Currency
Silver and Gold Coins
It has been suggested that the Indians in Peninsular India did not know the
use of silver and gold cur- rency, and that, for the most part, the imported
coins can only have been used as bullion. But we have some silver coins
ascribable to the Satavahanas, and the epigraphic evidence suggests the use
of silver pana. Hence Roman gold coins may have been valued for their
intrinsic worth, but may also have been circulated in big transactions.
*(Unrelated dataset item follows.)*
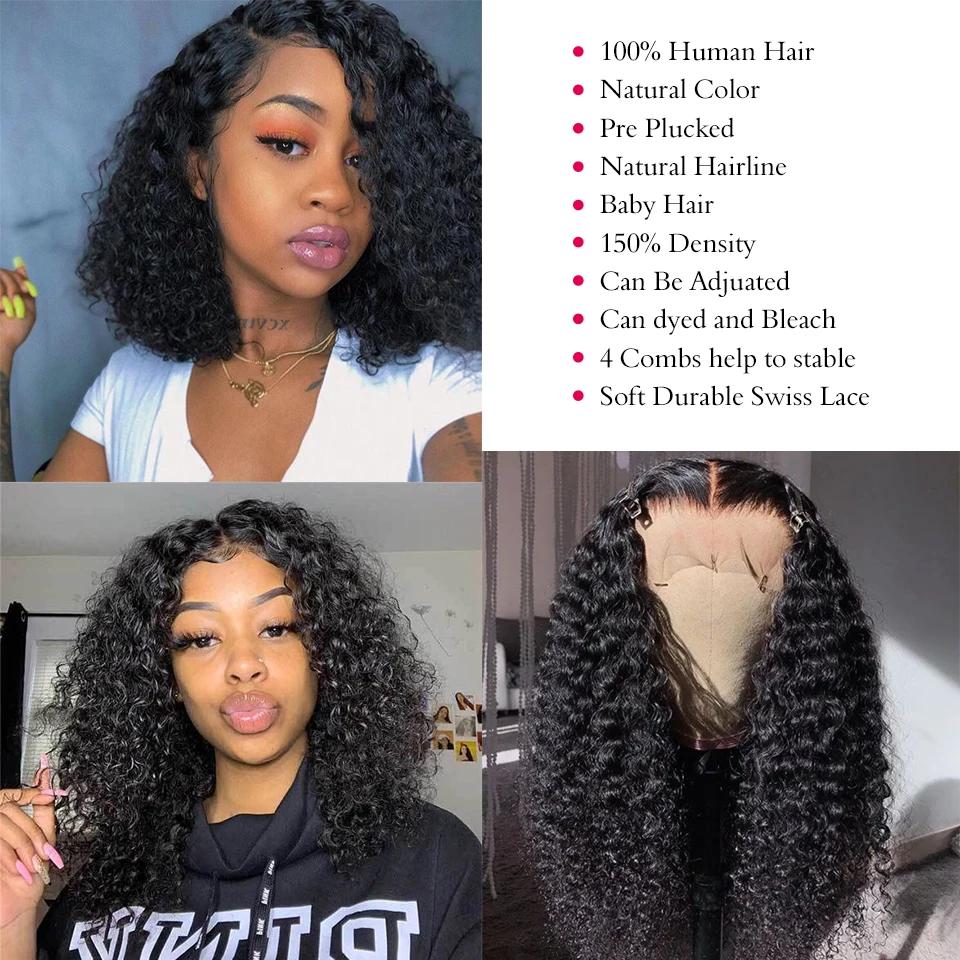Black Pearl Kinky Curly Lace Frontal Wig 4X4 Closure Bob Short Remy Pixie Cut Pre Plucked Brazilian Human Hair
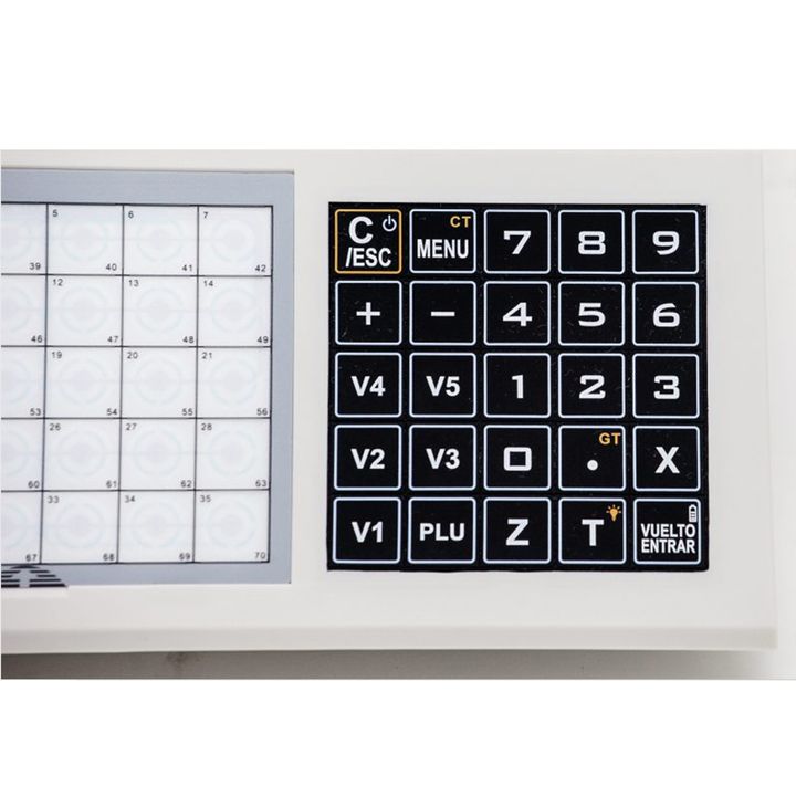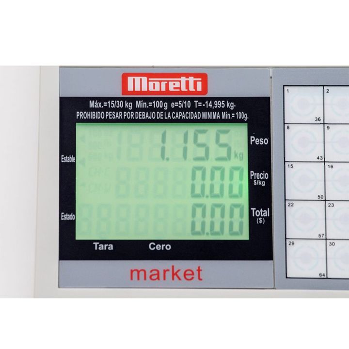 BALANZA COMERCIAL DE MOSTRADOR MORETTI MARKET Alimentación a pilas, única en el mercado! – 70 PLU de capacidad, todos con teclas directas. – 5 vendedores / suma de partidas. – Conexión a PC e impresor de tickets.

    In the north-west, the Indo-Greek rulers issued a few gold coins, but the
Kushanas issued them in considerable numbers. It is difficult to subscribe to
the theory that all Kushana gold coins were minted out of Roman gold. As
early as the fifth century BC the Indian satrapy paid a tribute of 320 talents of
gold annually to the Persian empire. The source of the metal may have been
the gold mines, reported to have existed in Sind in the time of Alexander.
This territory and probably the gold mines of Dhalbhum lay under the sway
of the Kushanas, who enjoyed the benefit of the knowledge of melting and
mining transmitted by the Mauryas. But on account of contact with Rome
they began to issue the dinara type of gold coins, which became abundant
under the Gupta rule.
Leas and Copper Coins
In day-to-day transactions, however, silver and especially gold coins could
hardly be used by the people. Patanjali refers to payment in nishkas to the
wage earners (karmakaras), but these do not seem to have been gold coins at
this stage. In this connection the issue of lead or potin* coins by the
Satavahanas is significant, for it indicates that in the Deccan and in the
coastal areas money economy had come to be prevalent.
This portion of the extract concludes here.